In January 1987, Denmark filed the instant motion, alleging two grounds for relief: (1) that his sentence exceeded the guidelines and (2) ineffective assistance of counsel. The trial court denied the motion without hearing in February 1987, attaching a copy of the plea colloquy described above. With regard to the sentence outside of the guidelines, the court noted that "Florida cases hold that an agreement of a defendant is clear and convincing evidence to exceed the guidelines."

It was not error to deny the motion on the basis of ineffective assistance of counsel. It is apparent from Denmark's sworn testimony at the plea entry proceeding that his plea was not coerced, that he had no questions about any aspect of his plea and, most important, that he was satisfied with his counsel's handling of his case.

With regard to the sentence outside of the guidelines, we note that Denmark agreed to that sentence as a part of his plea bargain. While it has previously been held that an agreement by a defendant to be sentenced outside of the guidelines is a valid reason to depart from the recommended sentence, Key v. State, 452 So. 2d 1147 (Fla. 5th DCA) pet. for rev. den., 459 So. 2d 1041 (Fla. 1984), Bass v. State, 496 So. 2d 880, 882 (Fla. 2d DCA 1986), the recent decision in Williams v. State, 500 So. 2d 501 (Fla. 1986) may cast doubt on that holding.
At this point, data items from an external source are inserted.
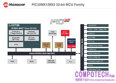 2015年8月20日--全球領先的整合微處理控制器、混合訊號、類比元件和快閃記憶體矽智財解決方案的供應商——Microchip Technology Inc.宣佈推出全新32位元PIC32MX1/2微處理控制器(MCU)系列產品,具有256KB大容量快閃記憶體配置以及16KBRAM採小尺寸封裝。新系列為廣受歡迎的MCU產品新成員,替需要複雜演算法的應用程式提供了低成本應用及靈活性。同時,Microchip還為新系列配備了全面的軟體和工具,以支援圖形、觸控感測和通用嵌入式控制等應用的設計。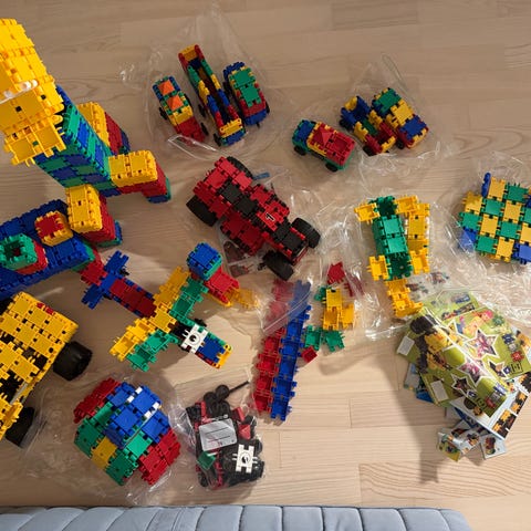 Toisiinsa liitettävät piikkipalikat, Magic Brix tai vastaava. Tässä setissä 60 osaa. Suurin osa palikoista siistissä ja ehjässä kunnossa. Muutamasta on joku reunatikku katkennut, mutta se ei estä osien kiinnitystä toisiinsa. Katsot kuvat. Ikäsuositus noin 3-6v, kun osa osista pieniä.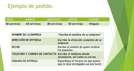 2- Llena el formato de pedido donde nos indicarás el número de "Box Lunch" que quieres por día, horario de entrega y dirección.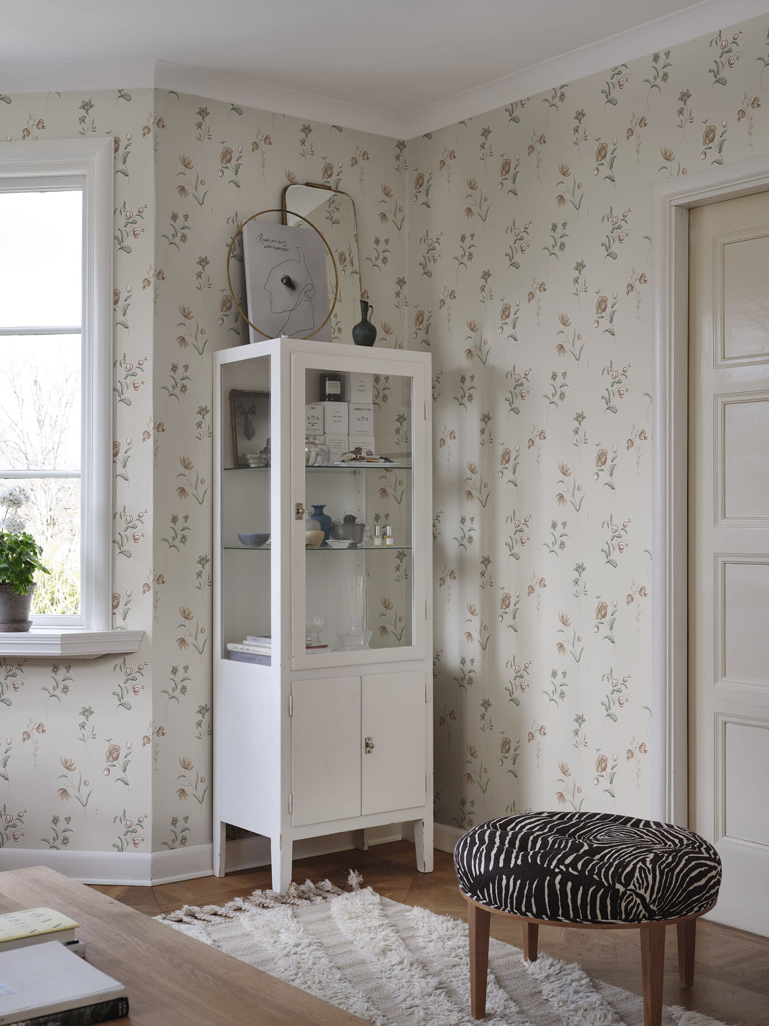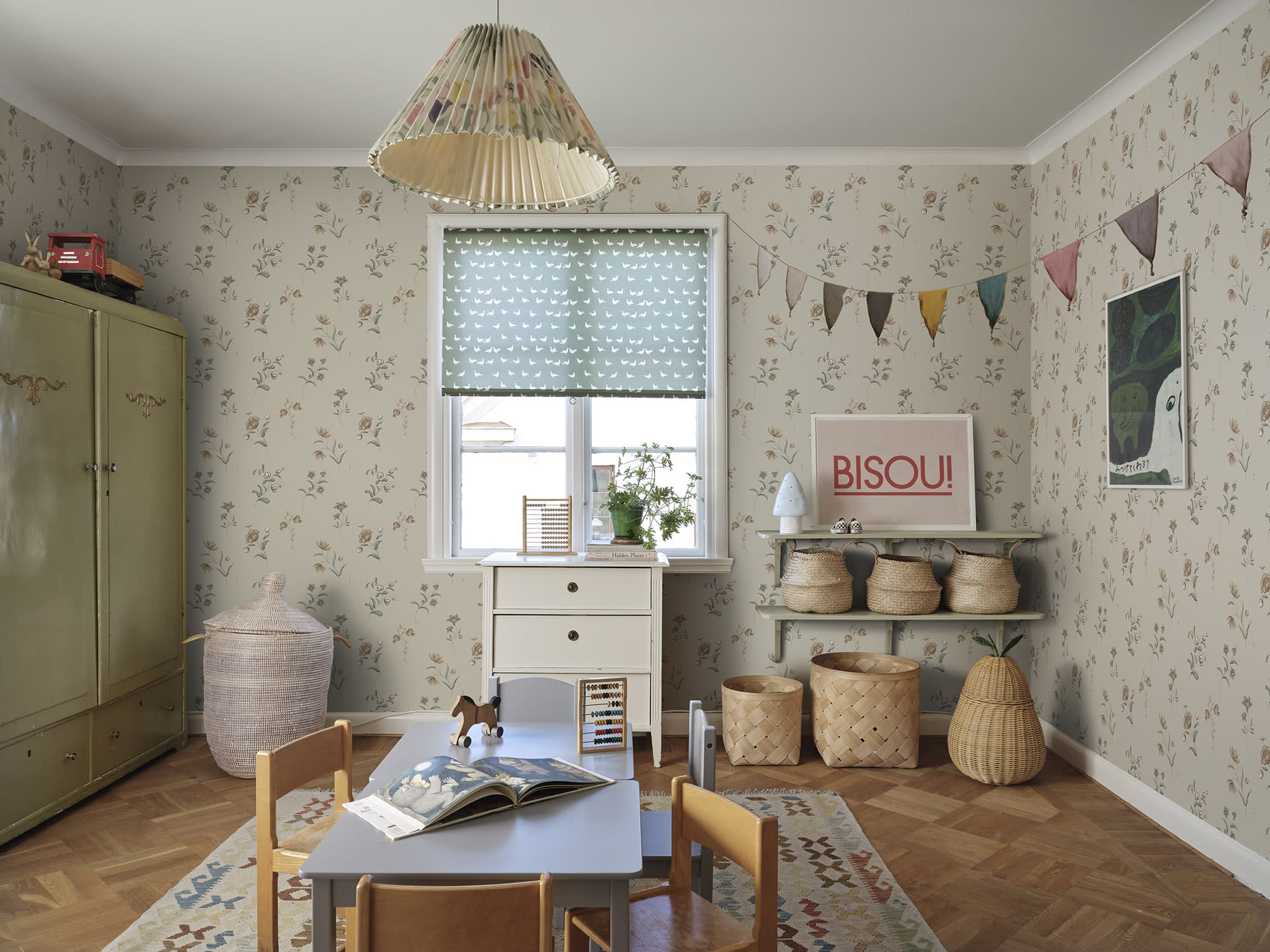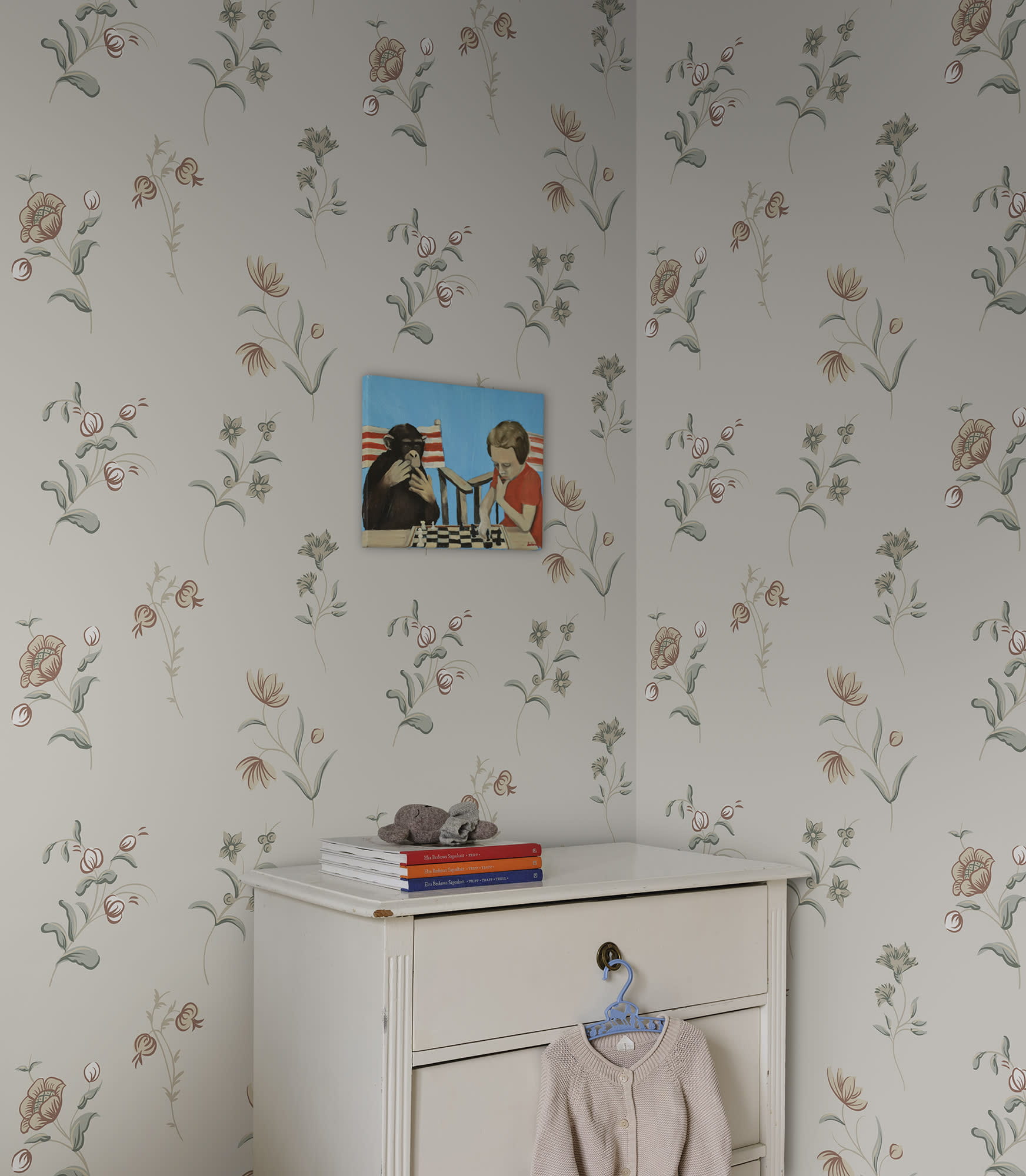 Ekskluzywna tapeta ścienna z kolekcji "Tidlosa", producenta oklein ściennych Sandberg. Projekt Hanna" to delikatny, kwiatowy motyw, który nawiązuje do szwedzkiej sztuki ludowej i malarstwa dekoracyjnego z XVIII wieku. Odważne pociągnięcia pędzla i harmonijna kolorystyka tworzą autentyczne wrażenie kwiatów malowanych na ścianie. Kompozycja w pastelowych odcieniach, takich jak beż, brąz, szaro-beż i chłodna zieleń, wkomponowanych w tło w odcieniu złamanej, kremowej bieli. Wykończenie tapety jest matowe a jej struktura niemal idealnie gładka w dotyku, pod palcami można wyczuć gdzieniegdzie wytłoczone elementy wzoru. Idealny przepis na stworzenie wyjątkowo przytulnej aranżacji salonu, jadalni, sypialni, przedpokoju, biura, pokoju młodzieżowego a nawet pokoju dziecięcego. Subtelny motyw będzie stylowym dopełnieniem zarówno klasycznej, jak i nowoczesnej aranżacji. Pięknie będzie prezentować się jako samodzielna dekoracja całego pomieszczenia, jak i w stylowym zestawieniu z innymi tapetami z kolekcji. Tapeta flizelinowa, charakteryzująca się dobrą odpornością na zmywanie, dzięki czemu jej powierzchnię można bardzo delikatnie przecierać ściereczką.

In Williams, the trial judge had conditioned sentencing within the guidelines on, among other things, reappearance by the defendant at sentencing. When the defendant failed to appear, the judge sentenced him outside the guidelines and the district court affirmed the departure. Along with its primary holding that failure to appear for sentencing did not constitute a clear and convincing reason for departure from the guidelines, the Court noted that the defendant's acquiescence in that condition made no difference in that

[a] trial court cannot impose an illegal sentence pursuant to a plea bargain.... A defendant cannot by agreement confer on the court the authority to impose an illegal sentence. If a departure is not supported by clear and convincing reasons, the mere fact that a defendant agrees to it does not make it a legal sentence.

Williams at 503.

In Quarterman v. State, 506 So. 2d 50 (Fla. 2d DCA 1987), the defendant, as here, was sentenced outside the guidelines pursuant to his plea bargain. The court considered the effect of the Williams holding, and whether trial courts could thereafter exceed the recommended guidelines sentence "on the basis of a legitimate and uncoerced plea bargain."
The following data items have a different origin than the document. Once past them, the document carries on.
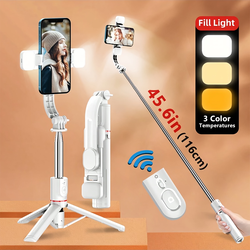 Universal Phone Selfie Stick Stand with Remote, 360° Pan-Tilt, Tripod, Fill Light, ABS Material, Battery Powered, with ≤36V Operating Voltage, for Live Streaming and Photography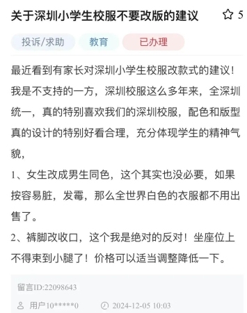 此前,有网友在人民网领导留言板提出,反对深圳小学生校服更改款式。
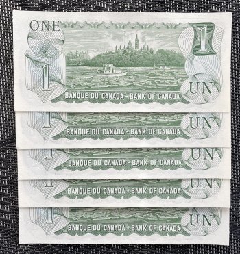 This set of 5 uncirculated $1 bills from Canada in 1973, features the Crow/Bouey signature combination. The bills are consecutively numbered, perfect for collectors of Canadian banknotes.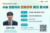 (포탈뉴스통신) 구로구가 오는 4월 2일 구로구청 대강당에서 ‘2026 수능 만점자와 진로진학 토크콘서트’를 개최한다. 이번 토크콘서트는 대학수학능력시험 만점자의 실제 경험을 바탕으로 효과적인 학습 방법과 진로·진학 전략을 공유하고, 청소년과 학부모의 궁금증을 해소하기 위해 마련됐다. 강연자로는 2026학년도 대학수학능력시험 만점자인 최장우 학생(서울대학교 경제학부 재학)이 나선다. 최장우 학생은 ‘유 퀴즈 온 더 블록’, ‘뉴스투데이’, ‘김현정의 뉴스쇼’ 등 다양한 방송과 유튜브 채널에 출연해 주목받았다. 이날 특강은 관내 중‧고등학생 및 학부모 150명을 대상으로 4월 2일 오후 7시부터 8시 30분까지 진행된다. 전문 사회자의 진행으로 사전 접수된 질문 중 5가지를 선정해 답변하고, 청소년과 학부모에게 전하고 싶은 메시지도 함께 전달할 예정이다. 이어 현장 참여자들과의 즉석 질의응답을 통해 보다 구체적이고 실질적인 상담을 진행하고, 행사 종료 후에는 만족도 조사와 기념사진 촬영으로 마무리한다. 신청은 3월 31일까지 홍보 안내문의 큐알(QR)을 통해 선착순으로 접수한다. &nbs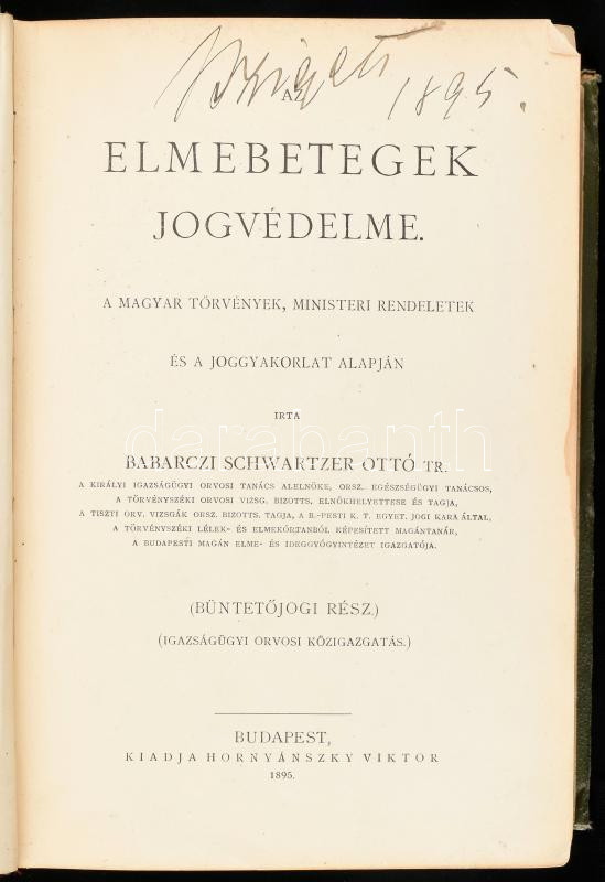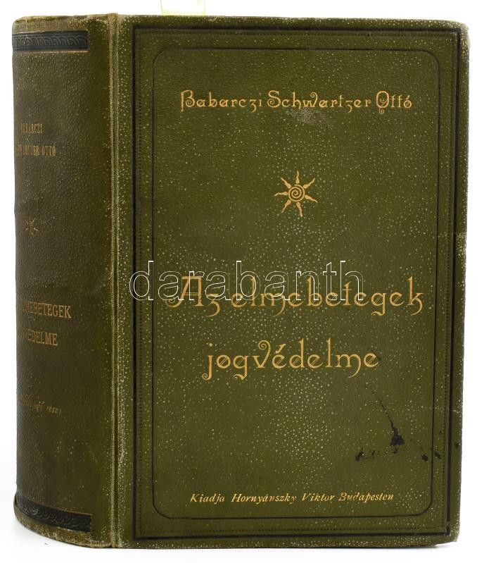 Babarczi Schwartzer Ottó: Az Elmebetegek jogvédelme. A magyar törvények, miniszteri rendeletek és a joggyakorlat alapján (Büntetőjogi rész.) (Igazságügyi orvosi közigazgatás). Bp., 1895, Hornyánszky Viktor. 1044 p. Dr. Bary József (1858-1915) m. kir. törvényszéki elnök, a tiszaeszlári vérvádper vizsgálóbírója hagyatékából. Előzéklapon fia, Bary Zoltán (1892-1986) korábbi kir. főügyész helyettes autográf ajándékozási soraival Gellért György (1911-2013) jogász, a Legfelsőbb Bíróság elnökhelyettese részére. Kiadói aranyozott egészvászon kötés, márványozott lapélekkel, gerincen apró sérüléssel, kissé kopott borítóval, kissé sérült kötéssel.

The Quarterman court first noted that, in the cases cited in Williams in support of its holding, Robbins v. State, 413 So. 2d 840 (Fla. 3d DCA 1982) and Smith v. State, 358 So. 2d 1164 (Fla. 2d DCA 1978), the sentences were illegal because of some fundamental error or because they exceed the statutory limit. Further, noted the court, "[p]lea bargain sentences have consistently been recognized as a valid reason for departure from a recommended sentence even if the court does not state other valid reasons for departure." Quarterman at 52, citing Key, supra. Finally, the court pointed out that "the plea bargain proposed by the defendant was in accordance with his wishes to accomplish his purposes prior to being sentenced." Quarterman at 52 (emphasis in original).

Based on the foregoing analysis, the Quarterman court affirmed the departure. However, because of its concern with the *22 Williams decision, it also certified the following question:

MAY A TRIAL JUDGE EXCEED THE RECOMMENDED GUIDELINES SENTENCE BASED UPON A LEGITIMATE AND UNCOERCED CONDITION OF A PLEA BARGAIN?
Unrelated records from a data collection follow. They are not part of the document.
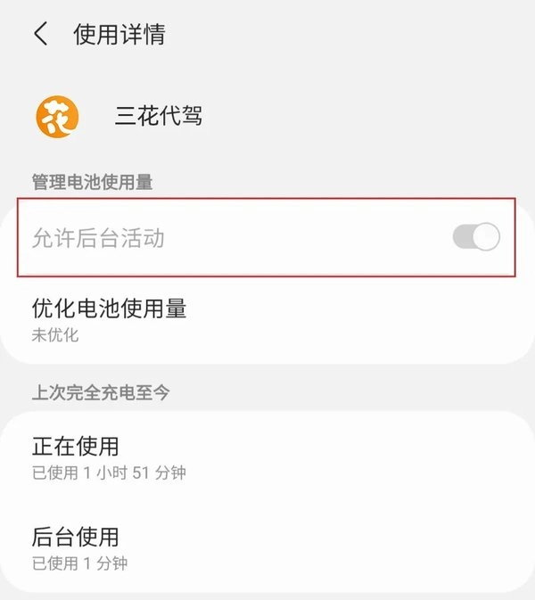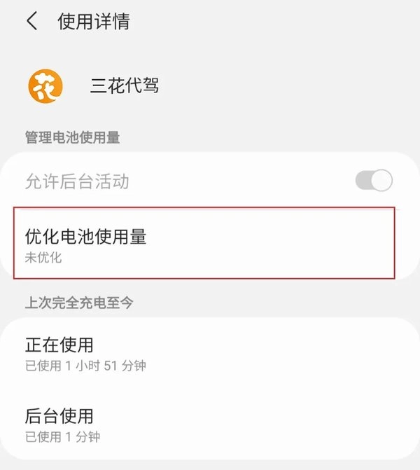 9、优化电池使用量时,找到三花代驾,点击【关闭按钮】,具体操作可参考下图: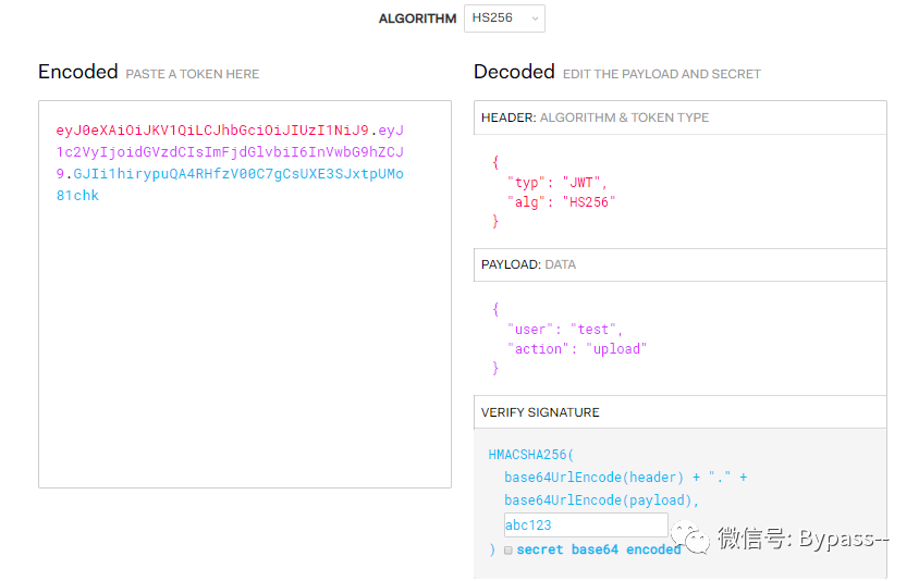 {"typ": "JWT", "alg": "HS256"}.{"user": "admin","action": "profile"}.[新的签名]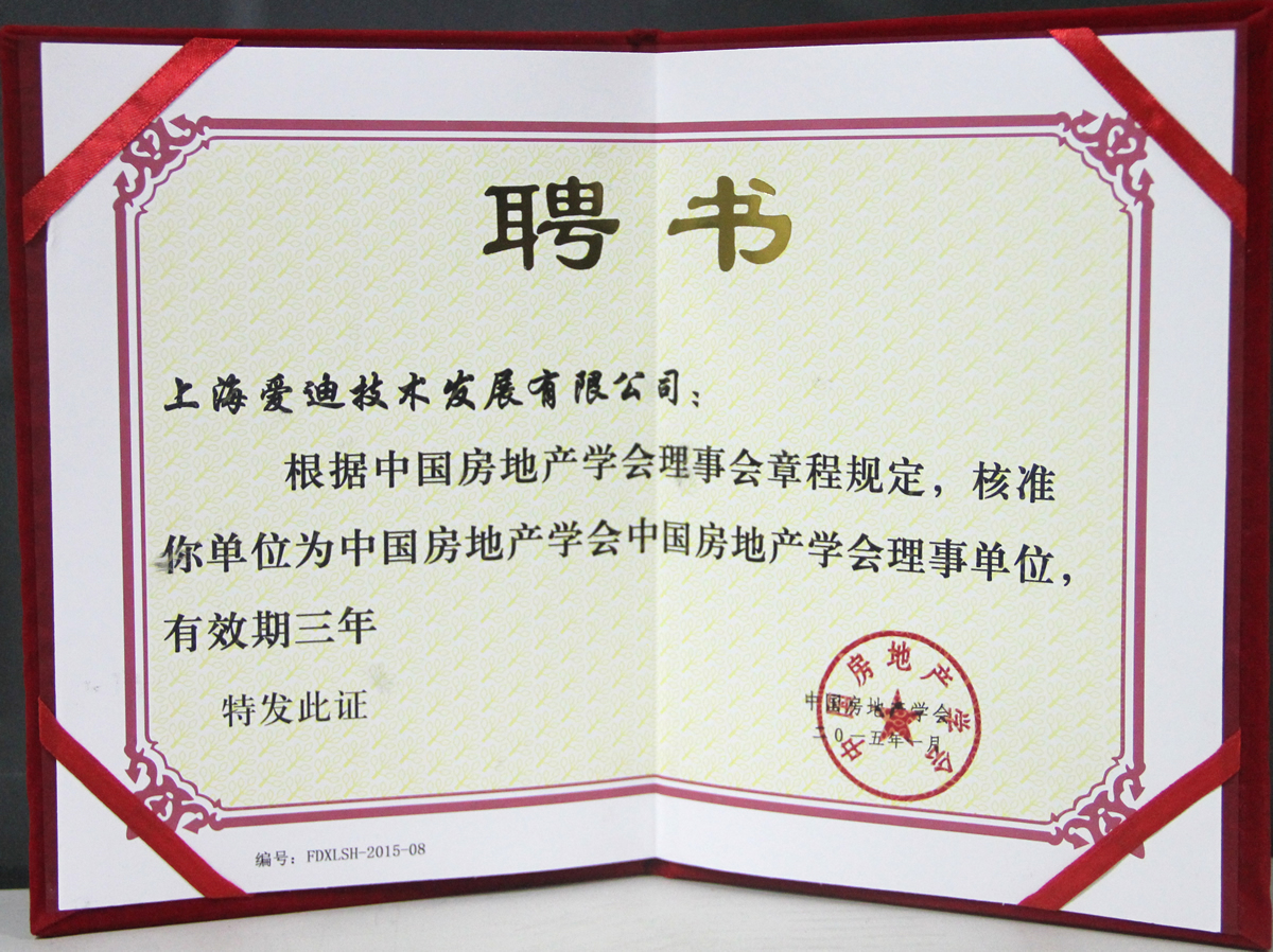 中國房地產(chǎn)學(xué)會(huì)理事單位證書

We concur in and follow the reasoning of the Quarterman court in affirming the trial court's action herein in sentencing Denmark outside of the guidelines. However, we also certify the following question, slightly amended in form:

IN LIGHT OF Williams v. State, 500 So. 2d 501 (Fla. 1986), MAY A TRIAL JUDGE EXCEED THE RECOMMENDED GUIDELINES SENTENCE BASED UPON A LEGITIMATE AND UNCOERCED CONDITION OF A PLEA BARGAIN?

Affirmed.

ERVIN and NIMMONS, JJ., concur.

ON MOTION FOR REHEARING

Appellant's motion for rehearing is denied. However, pursuant to Rule 9.030(a)(2)(A)(iv), Fla.R.App.P., we certify that the decision in this case expressly and directly conflicts with a decision of another district court of appeal on the same question of law. See Broomfield v. State, 514 So. 2d 1135 (Fla. 5th DCA 1987).